The project is expected to be completed 1 year after data availability.
1. Completion of contract: July 2018
2. Obtain de-identified dataset: Aug-September 2018
3. Analysis and report submitted to YODA: March 2019
4. Circulating of abstract targeting ASH 2019 to YODA: April 2019
5. Circulating of paper to YODA targeting xxx Journal: July-Aug 2019
The obtained model may be potentially used by the scientific community:
1. Characterize the link between (TGI) metrics as biomarkers to capture treatment effect and predict for OS/PFS benefit in "drug-independent" survival models
2. Simulate survival outcomes for any new therapy for which TGI metrics will be determined.
The resulting model(s) will be published and made available to the community.
1. Circulating of abstract targeting ASH 2019 to YODA: April 2019
2. Circulating of paper to YODA targeting xxx Journal: July-Aug 2019
Target journals are:
Clinical Pharmacology & Therapeutics (CPT)
CPT: Pharmacometrics & Systems Pharmacology (CPT: PSP)
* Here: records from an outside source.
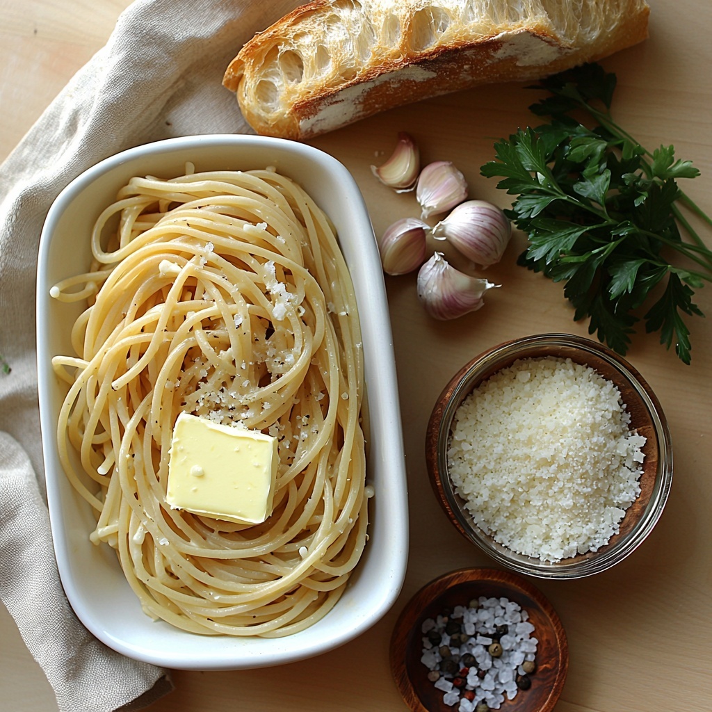 The beauty of this Spaghetti with Garlic Bread Recipe lies in its simplicity. Each ingredient plays a vital role, from the tender pasta providing body and bite, to the garlic butter that infuses an unforgettable aroma. Fresh bread adds texture and comfort, while a touch of parsley and Parmesan invite freshness and richness. Here’s everything you’ll want on hand:
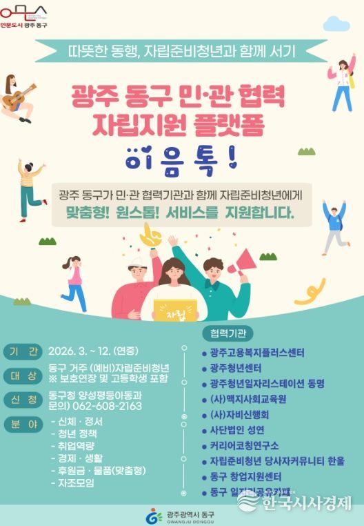 한국시사경제 문화팀 | 광주 동구는 보호 종료 5년 이내 자립 준비 청년을 대상으로 민·관 협력 자립지원 플랫폼 ‘이음톡!’ 사업을 지난해에 이어 2026년에도 지속 추진한다고 밝혔다.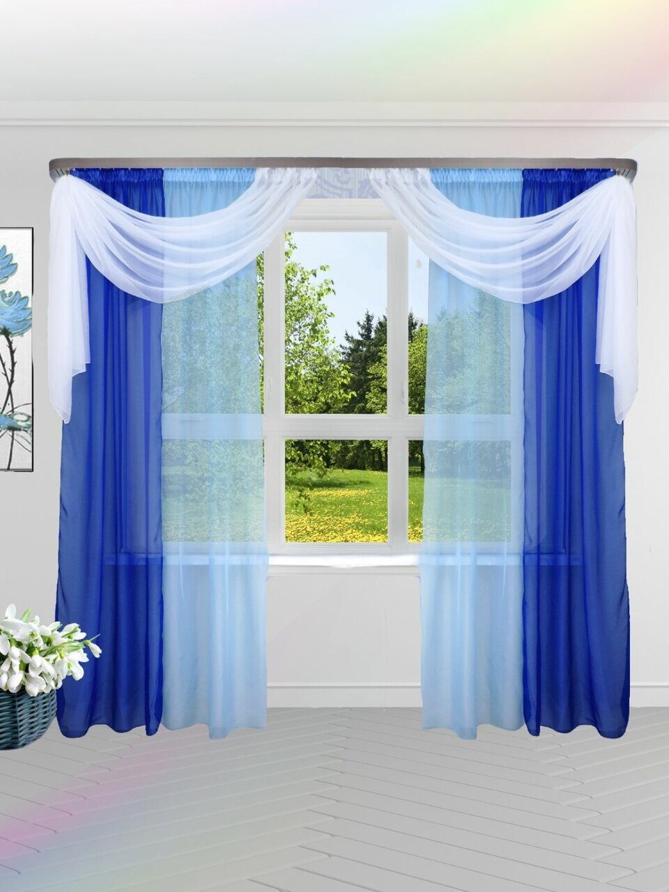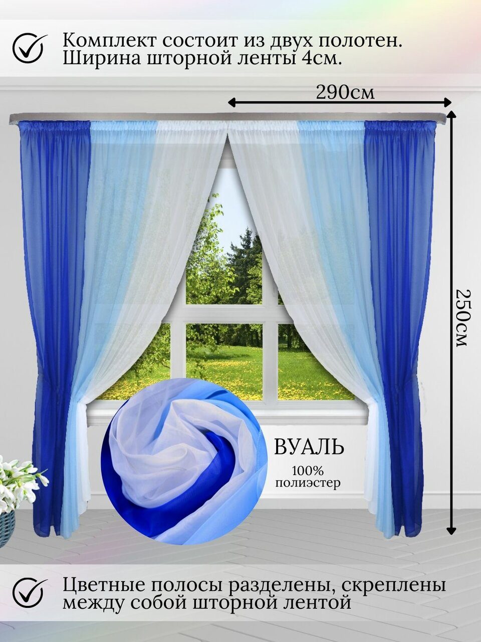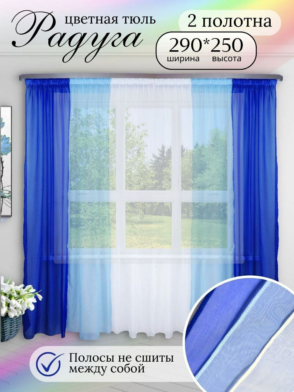 Шторы для комнаты комплект тюль вуаль "Радуга" синий/голубой

Bruno R, Mercier F and Claret L. Evaluation of Tumor Size Response Metrics to Predict Survival in Oncology Clinical Trials. Clin Pharmacol Ther 95:386-393, 2014
Claret L, Girard P, Hoff PM, Van Cutsem E, Zuideveld KP, Jorga K, Fagerberg J, Bruno R. Model-based prediction of phase III overall survival in colorectal cancer on the basis of phase II tumor dynamics Journal of Clin Oncol, 27, 4103-4108, 2009.
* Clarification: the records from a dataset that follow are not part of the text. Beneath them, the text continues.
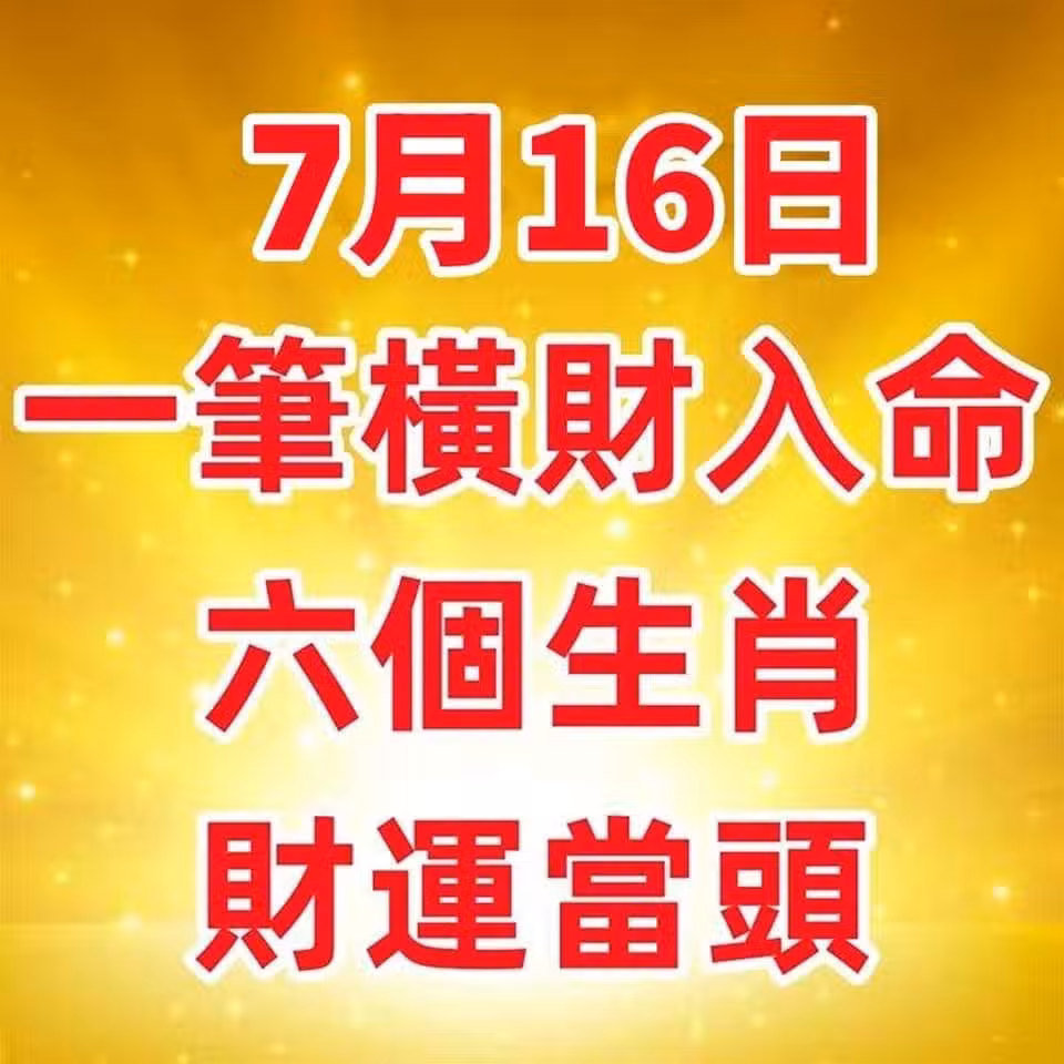7月16日,會有一筆橫財入命,六個生肖財運當頭快來接!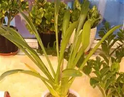 广东石斛:茎直立或斜立,细圆柱形,不分枝,具少数至多数节。叶革质,二列、数枚,互生于茎的上部,狭长…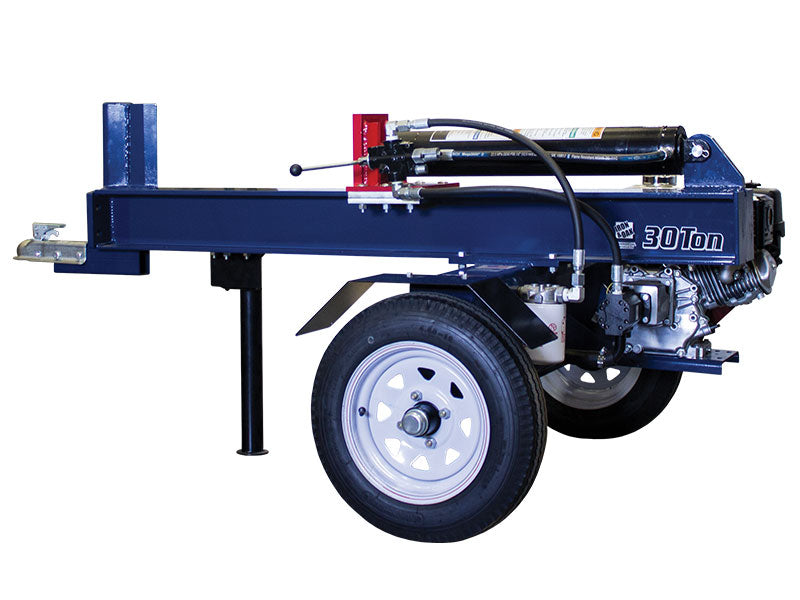 This high capacity commercial grade log splitter is designed for tough applications in the horizontal position. This Iron and Oak wood splitter provides 30 tons of log crushing force. There isn’t much this log splitter can’t split. The larger wheels make this log splitter excellent for towing and rolling over obstacles.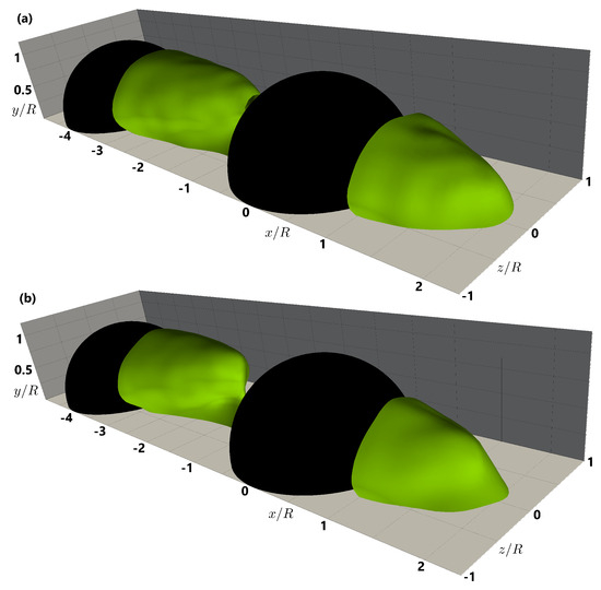 Recirculation zones (highlighted in green) in the near wake behind the hemisphere for the double hemisphere case with isosurfaces of = 0 at different submergences (a) for h/R = 2 (b) for h/R = 1.5.

Claret L, Gupta M, Han K, Joshi A, Sarapa N, He J, Powell B and Bruno R. Evaluation of Tumor-Size Response Metrics to Predict Overall Survival in Western and Chinese Patients With First-Line Metastatic Colorectal Cancer. Journal of Clin Oncol, 31, 2110-2114, 2013.
Jonsson F, Ou Y, Claret L, Siegel D, Jagannath S, Vij R, Badros A, Aggarwal S, Bruno R. A Tumor Growth Inhibition Model Based on M-Protein Levels in Subjects With Relapsed/Refractory Multiple Myeloma Following Single-Agent Carfilzomib Use. Clinical Pharmacology Therapeutics: Pharmacometry and System Pharmacology, 4, 711-719, 2015.
Stein WD, Gulley JL, Schlom J, Madan RA, Dahut W, Figg WD, et al. Tumor regression and growth rates determined in five intramural NCI prostate cancer trials: the growth rate constant as an indicator of therapeutic efficacy. Clin Cancer Res, 17(4), 907–917, 2011.